The empress was aloof. Spoiled. Uninterested in politics, or so it had seemed. Kasik stopped in his tracks, remembering another time when he had seen her sneaking through the kancha grounds. It was a wonder he hadn’t recognized her gait. Had Samaq been involved in whatever Chaska was hiding?

Though he could no longer see the wall where she had slipped through, Kasik turned back to stare at it and considered whether he should continue trying to find the hidden door. What if it was Samaq on the other side? He hadn’t witnessed his friend leave the kancha or Vira. It was possible that Samaq had defected and was whisking Chaska away as he stood there.

Perhaps I should tell Maicu.The thought was fleeting, but it plagued his every step back into the kancha. Usually, he stayed in the kallankas with Samaq and his men, but without them, the place felt unwelcoming. The men were timid around him, their typically loose lips pressed tight and their eyes surreptitiously sliding to him. He had stepped one foot in only to step back out, the din of conversation continuing the moment the door closed behind him.

But staying in the kancha meant potentially running into his tayta, which was, as luck would have it, exactly what he faced as he turned down the hall that led to the room reserved for him. It was too late to turn around, but Kasik was tempted to regardless.

“It’s late,” Atik said by way of a greeting. It was unclear what his tayta spent the majority of his time doing. They rarely saw each other outside the evening meals that Maicu insisted he attend, or times like these, when Atik seemed to go out of his way to find Kasik and demonstrate exactly how little he cared for him.

“Hello, Tayta. Is there something you needed?”

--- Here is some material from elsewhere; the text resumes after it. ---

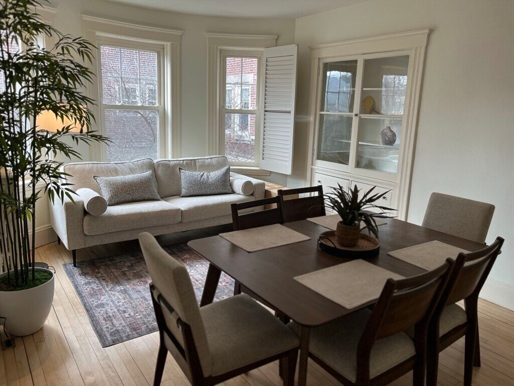 Mid Cambridge extremely spacious 5 room 2bed/1 bath in classic brick courtyard building. Large entryway foyer leads to southeast facing living room,2 bedrooms and bath. Down a short hallway to a separate formal dining room and eat in kitchen with exposed brick. The rent includes your heat,water and sewer. In unit washer/dryer provides convenience you don't normally get in a classic brick building. This location provides easy commute from Central Square red line to Harvard,MIT and Kendall Square. No smoking building and no pets allowed. Recently painted as well as floors refinished. If you love charm and character you don't want to miss this one! MLS# 73477197
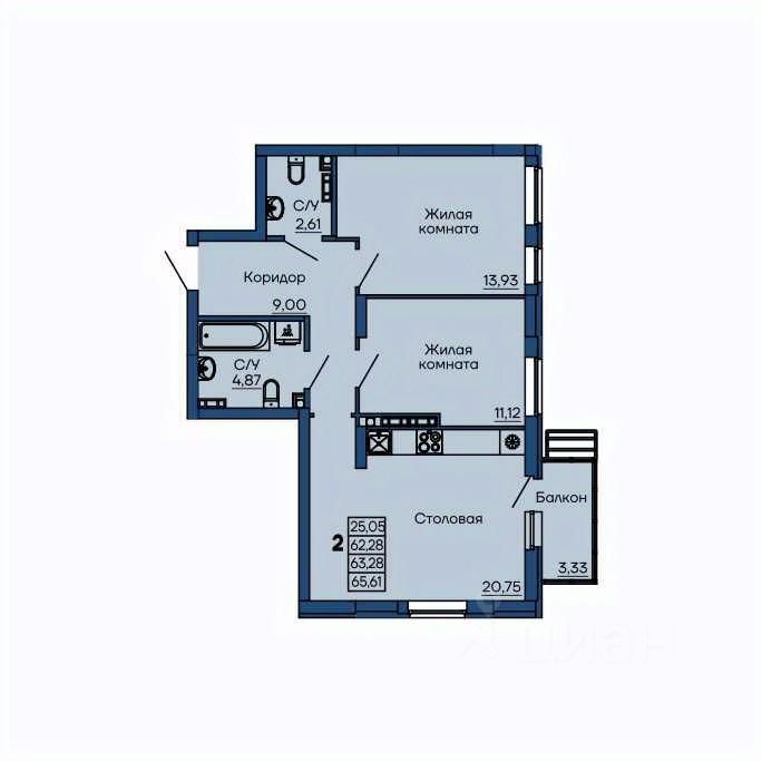 Двухкомнатная квартира с балконом и двумя санузлами на 6 этаже, большая кухня-гостиная. Окна выходят во двор. Чистовая отделка под ключ. Дом в 15 минутах от центра города. Рядом остановки общественного транспорта, школы и детские сады.

Atik pushed off the wall and blocked Kasik’s path. In the dark, his eyes looked completely black, like orbs of achilla had replaced them altogether. Kasik wondered if they had always looked like that, or if it was something he was only recently noticing, along with many other things.

“Where have you been?” When Kasik made to walk past him, Atik stepped to the side and blocked him. “Where is Nina?”